United Kingdom implements the EU Energy Efficiency Directive via 19 energy security policies that involve different schemes under energy company obligations. These are CERT or Carbon Emissions Reduction Target, CESP or the Community Energy Saving Program and the ECO or Energy Company Obligation. The energy efficiency policies of the country are expected to deliver around 467 TWh (terawatt-hours) of savings. Various measures for improving energy efficiency in the UK also target electricity as well as gas networks. In addition to that, UK had set a target to achieve a 15 % renewable share of the final energy consumption by 2020 vs. 1versus 1.2 % in 2005 and 4.1 % in the year 2012 (Portugal-Pereira, and Esteban, 2014). However, nuclear power has significantly higher overall life –time costs in comparison to natural gas with CCGT or Combined Cycle Turbine Technology (Laes, Gorissen, and Nevens, 2014). Moreover, the researcher has taken adequate measures for evaluating whether the energy regulation and policy of 2012 and 2020 by UK is looking to promote a sustainable mix in the light of EU as well as international requirement in order to safeguard human life as well as the environment. Apart from that, it is essential to preserve the nuclear option for future and thereby, it requires overcoming the major challenges associated such as safety, costs, wastes and proliferation. UK has over 15 reactors that generate about 21 % of its electricity. However, almost half of this capacity will retire by the year 2025. Needless to say that increase of energy efficiency essentially help lowering the exposure to domestic and international energy market risks.
The Government articulated new energy efficiency policy in November 2015 for UK energy. It involves progress in deployment renewable electricity generation was 12.8 terawatt hours in of 2013, an increase of 56 % on the 8.2 in the TWh in the year 2012. In Scotland, renewable energy is accounted for around 33 % of the total UK renewable output during this period. The UK has set specific targets to 2025 specifically for GHG emissions. It includes phasing out coal fired generation without carbon dioxide abatement in 2025. However, fossil fuels continue to play a substantial role in modern economics. Therefore, one of the high priorities is to secure enough fossil fuels at adequately affordable prices. 20 % of the existing nuclear plants in the UK slated to shut down over the next 10 years, in UK electricity supply and security at risk. However, an assessment of the likely effect of the new project of nuclear power on the UK energy security needs for analyzing its capability to address the groups. Nuclear power has the potential to succeed in the long run when it has a lower cost compared to competing technologies. A model is constructed for evaluating the real cost of electricity markets that help lowering economic regulation in many parts of the world. The extent to which nuclear power has the potential to mitigate threats due to scarcity and external disruptions depends on planning and guidance for infrastructure support.
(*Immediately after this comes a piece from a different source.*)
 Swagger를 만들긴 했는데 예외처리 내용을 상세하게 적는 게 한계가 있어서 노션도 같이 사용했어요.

Safety recommendations: The United Kingdom’s Government should concentrate more on developing the full capabilities for analyzing life cycle health and safety impacts of fuel cycle facilities as part of its short term Research and Development (R & D) program. It further concerns with focusing reactor development on options, which helps achieving increased safety standards and principles. These are further deployable within a couple of decades. Furthermore, the incorporated safety standards should accurately maintain modern standard of less than one serious release of radioactivity accident for around 50 long years from activity of the fuel cycle. The high temperature of the reactor is one of the fascinating contenders for reactor research also, improvement considering the fact that there is as of now various involvement with the particular framework, in spite of the fact that not every last bit of it is ideal. The particular reactor outline offers safety benefits circumstances because the high capacity of the center for bearing high heat and longer times taken by the reaction and blocks over the temperature along with the accurate arrival time of splitting. Apart from that, I shows favorable position analyzed to light water reactors as far as expansion resistance. However, no nuclear plant is entirely free of risk. There are technical possibilities as well as work force issues. However, there has not been a good record of safety in the processing plants. Moreover, there has been very little safety analysis of fuel cycle facilities with the use of probabilistic risk assessment method.
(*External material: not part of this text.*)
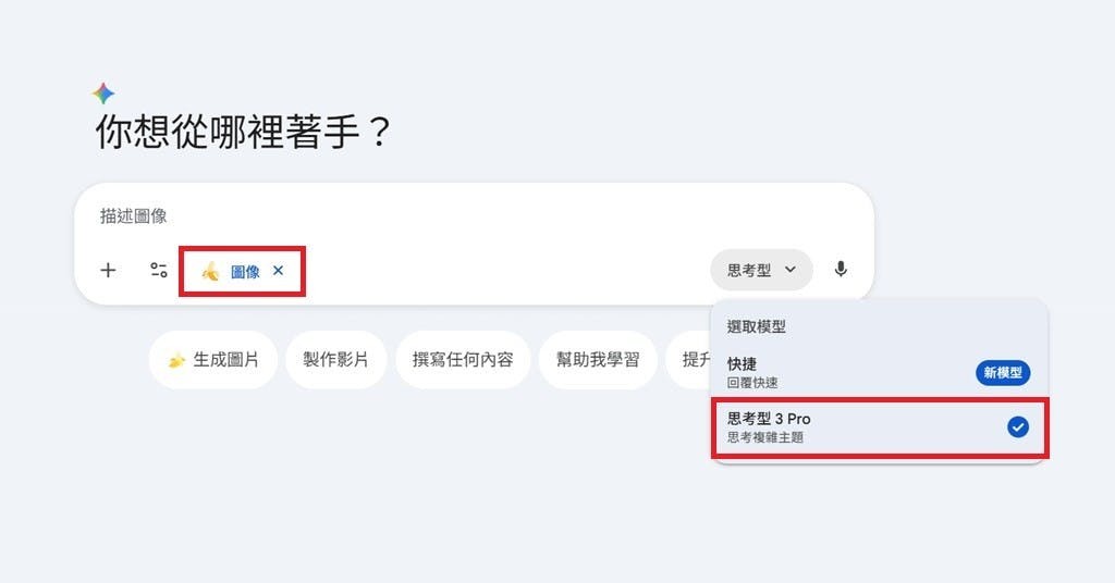 在規劃好旅遊行程後,用戶可以將行程貼進Gemini對話框,只要在行程前面加入簡單的提示詞就可以讓Gemini繪製出完整的旅遊地圖。而在繪製前,別忘了將Gemini模型調整至「圖像」和「思考型」模式,如果發覺圖片無法精準呈現繁體中文,可能是模型沒有調整成功導致。

Recommendation on waste management: Proper management of disposal of the high - level radioactive spent fuel from the nuclear fuel cycle is one of the most significant intractable issues with respect to the nuclear power industries. In the context of waste management, the following steps can be recommended: The DOE should increase its present focus with a balanced as well as long –term waste management R & D program. In addition to that, a research program should be appropriately launched in order to identify the viability of geological disposal in the deep boreholes within one or two decades. Apart from that, a network of centralized facilities should be arranged on order to store spent fuel for several decades and it should be adequately established in the UK as well as in an international level.
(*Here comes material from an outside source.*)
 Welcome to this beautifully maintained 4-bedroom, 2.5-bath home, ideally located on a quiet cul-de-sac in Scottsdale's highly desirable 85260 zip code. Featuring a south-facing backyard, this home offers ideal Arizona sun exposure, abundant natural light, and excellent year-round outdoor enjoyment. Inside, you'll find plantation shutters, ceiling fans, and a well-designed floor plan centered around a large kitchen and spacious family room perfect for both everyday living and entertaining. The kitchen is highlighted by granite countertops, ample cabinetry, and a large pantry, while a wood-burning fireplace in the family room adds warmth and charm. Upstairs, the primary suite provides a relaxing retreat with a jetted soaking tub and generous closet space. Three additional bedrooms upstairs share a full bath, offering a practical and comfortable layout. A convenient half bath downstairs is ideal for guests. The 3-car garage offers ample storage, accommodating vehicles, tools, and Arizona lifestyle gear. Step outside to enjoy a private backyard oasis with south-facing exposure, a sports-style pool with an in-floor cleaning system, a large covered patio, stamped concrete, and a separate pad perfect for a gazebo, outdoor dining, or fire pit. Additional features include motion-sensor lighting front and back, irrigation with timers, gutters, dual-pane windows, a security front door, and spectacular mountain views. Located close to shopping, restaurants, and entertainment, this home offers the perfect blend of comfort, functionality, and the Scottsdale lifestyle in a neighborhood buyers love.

Recommendation on economics: Nuclear power has the capability to become prominently successful in the long - run only if significantly lower cost is associated compared to the different technologies in the competing in the industry. It is specifically true because current market of electricity have become essentially less subjected to different regulation of economy in most of the parts of the globe. The nuclear power technologies are most commonly used today. These are also less expensive compared to many of the renewable technologies. Furthermore, nuclear becomes significantly competitive in comparison when the social cost of carbon dioxide or CO2 emissions become successfully internalized. There are several steps that can be taken on the basis of improving the economic viability of nuclear power. These are being discussed underneath: The UK government need to cost the shares for the purpose of site banking for number of plants, certifying new plant designs by the “Nuclear Regulatory Commission”. It should be combined operating licenses and construction for nuclear plants built in an instant manner or in the future. Moreover, it also helps supporting Energy Initiatives department of the United Kingdom on various matters. The recognition of the government of the United Kingdom about the carbon free nuclear power ensured the inclusion of new nuclear plants. It can be an adequately option eligible both in any state or federal mandatory renewable (carbon free) energy portfolio standard. Moreover, the Government of the United Kingdom required to provide subsidy modest particulars for various commercial nuclear power plants that are small in size for providing the regulatory and cost demonstration with the tax credit production.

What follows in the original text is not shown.